=== Begin Enclosure ===

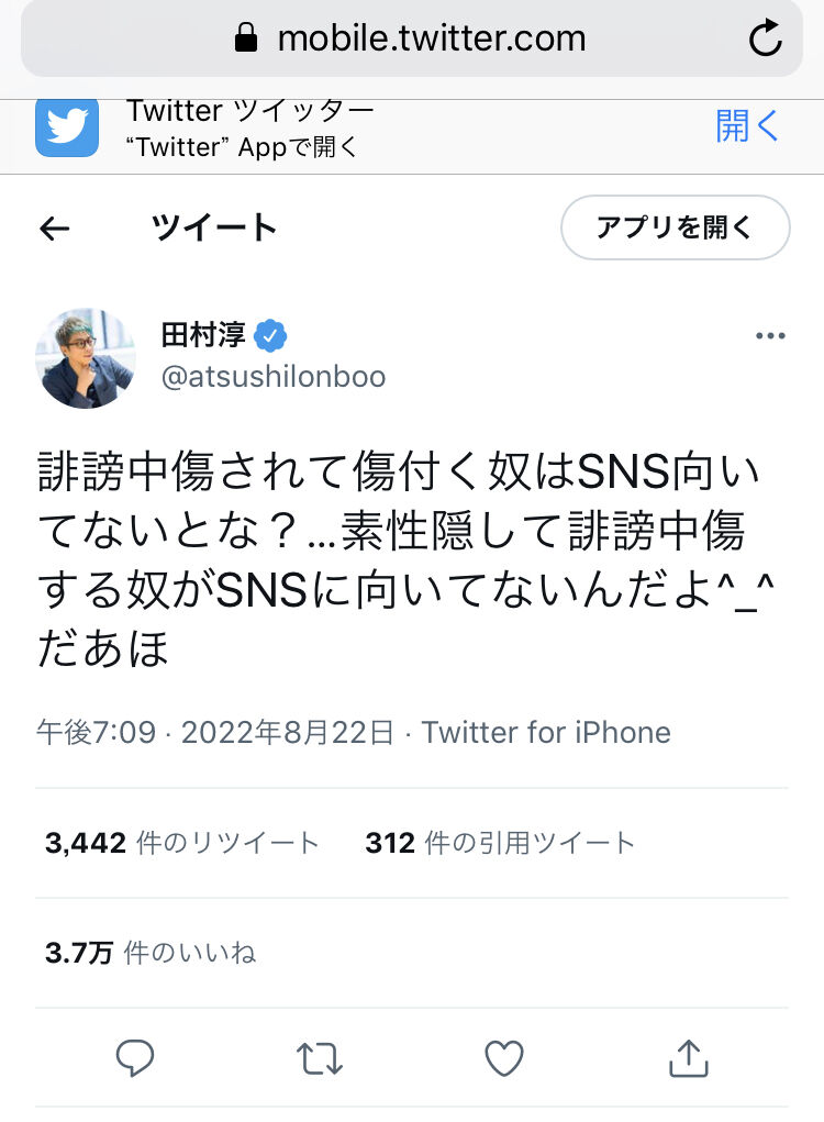 朗報 芸人「誹謗中傷嫌がる人はSNS向いてない?素性隠して誹謗中傷する奴が向いてないんだよドアホ」 2022年09月10日 カテゴリ:芸人まとめ 1: 風吹けば名無し 2022/08/24(水) 16:30:53.58 ID:o2W2s3dq0 7: 風吹けば名無し 2022/08/24(水) 16:36:34.95 ID:9jkJF/mL0 SNSが素性隠れているという風潮 8: 風吹けば名無し 2022/08/24(水) 16:37:46.20 ID:o2W2s3dq0 何で芸人て匿名云々に異常に拘るんやろな 本題から逸れてるやろ 【朗報 芸人「誹謗中傷嫌がる人はSNS向いてない?素性隠して誹謗中傷する奴が向いてないんだよドアホ」】の続きを読む タグ :#ロンブー敦#SNS#誹謗中傷
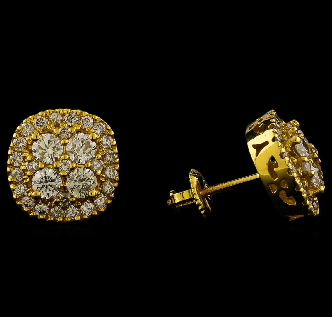 One pair electronically tested 14KT yellow gold cast & assembled diamond earrings with screw backs. Each earring features an organized diamond cluster set within a diamond bezel and supported by a lattice under gallery. Bright polish finish. Identified with markings of "14K". Condition is new, good workmanship. Containing: Eight prong set round brilliant cut diamonds, measuring 3.50 - 3.40 x 2.07mm (depth est.) approximate total weight of 8 Stones = 1.25ct. Graded in the setting. Clarity: SI-2 to I-1. Color: F - G Fifty prong set round brilliant cut diamonds, measuring 1.70 - 1.60 x 0.99mm (depth est.) approximate total weight of 50 Stones = 0.90ct. Graded in the setting. Clarity: SI-1 to SI-2. Color: F - H. Total Weight of Diamonds 2.15ct. Total Weight of Earrings 5.54gm. AIG Appraised at $8,405.00.
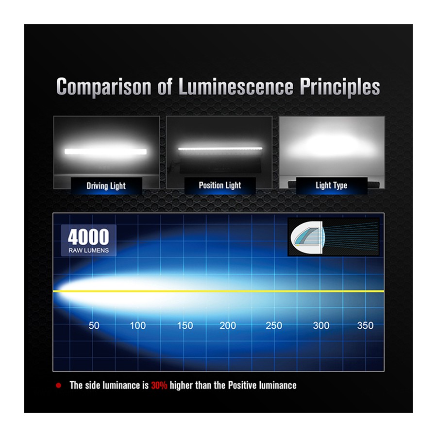 L3416 has features such as: position, driving lamp. The lamp has 18 + 30 LEDs. The number of LM is 4000 LM. L3416 characterized by a power of 5 W, 45 W. L3416 is a certified product. According to standards such as ECE R7, ECE R10, ECE R112. Moreover, it is made of materials: Lens: PC, Housing: AL. Fastening is screw. The voltage is 12 V/24 V. The product is packaged in the following configuration cart. dim: 405x74x105 mm, lamp weight: 1000 g, 10 pcs/bulk box.
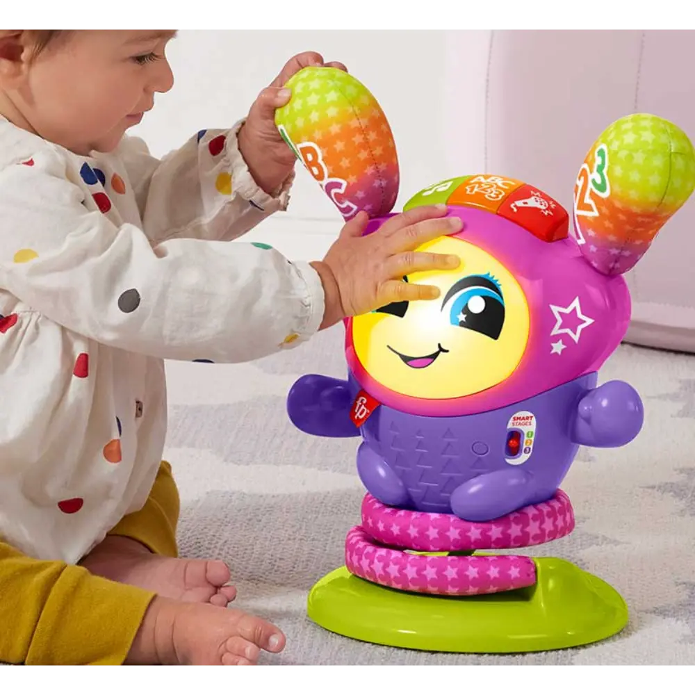 Get the learning party started with the Fisher-Price DJ Bouncin’ Star! This interactive musical toy springs to life with colorful lights, motorized bouncing action, and over 75 songs, sounds, and phrases that teach the alphabet, counting, colors, and opposites. Featuring 3 Smart Stages learning levels, it grows with your baby from 9 to 36 months, keeping little dancers moving and giggling. Plus, the built-in microphone lets kids record and play back their own messages with fun remix effects, making playtime a dynamic, educational experience.
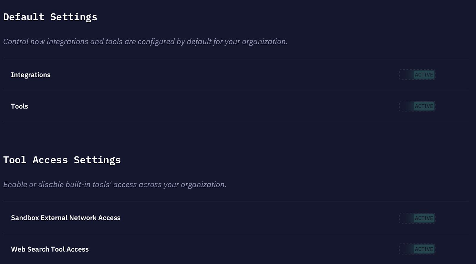 These defaults mean new agents start in a controlled state. Teams can be granted exceptions through role-based policies, but the security posture is established at the organization level, not left to individual users.

=== End Enclosure ===

Work task » Say again, exactly, only those lines of the records that run from the start through the line with "One pair electronically". Pictures are to be skipped.

Problem solution »
 朗報 芸人「誹謗中傷嫌がる人はSNS向いてない?素性隠して誹謗中傷する奴が向いてないんだよドアホ」 2022年09月10日 カテゴリ:芸人まとめ 1: 風吹けば名無し 2022/08/24(水) 16:30:53.58 ID:o2W2s3dq0 7: 風吹けば名無し 2022/08/24(水) 16:36:34.95 ID:9jkJF/mL0 SNSが素性隠れているという風潮 8: 風吹けば名無し 2022/08/24(水) 16:37:46.20 ID:o2W2s3dq0 何で芸人て匿名云々に異常に拘るんやろな 本題から逸れてるやろ 【朗報 芸人「誹謗中傷嫌がる人はSNS向いてない?素性隠して誹謗中傷する奴が向いてないんだよドアホ」】の続きを読む タグ :#ロンブー敦#SNS#誹謗中傷
 One pair electronically tested 14KT yellow gold cast & assembled diamond earrings with screw backs. Each earring features an organized diamond cluster set within a diamond bezel and supported by a lattice under gallery. Bright polish finish. Identified with markings of "14K". Condition is new, good workmanship. Containing: Eight prong set round brilliant cut diamonds, measuring 3.50 - 3.40 x 2.07mm (depth est.) approximate total weight of 8 Stones = 1.25ct. Graded in the setting. Clarity: SI-2 to I-1. Color: F - G Fifty prong set round brilliant cut diamonds, measuring 1.70 - 1.60 x 0.99mm (depth est.) approximate total weight of 50 Stones = 0.90ct. Graded in the setting. Clarity: SI-1 to SI-2. Color: F - H. Total Weight of Diamonds 2.15ct. Total Weight of Earrings 5.54gm. AIG Appraised at $8,405.00.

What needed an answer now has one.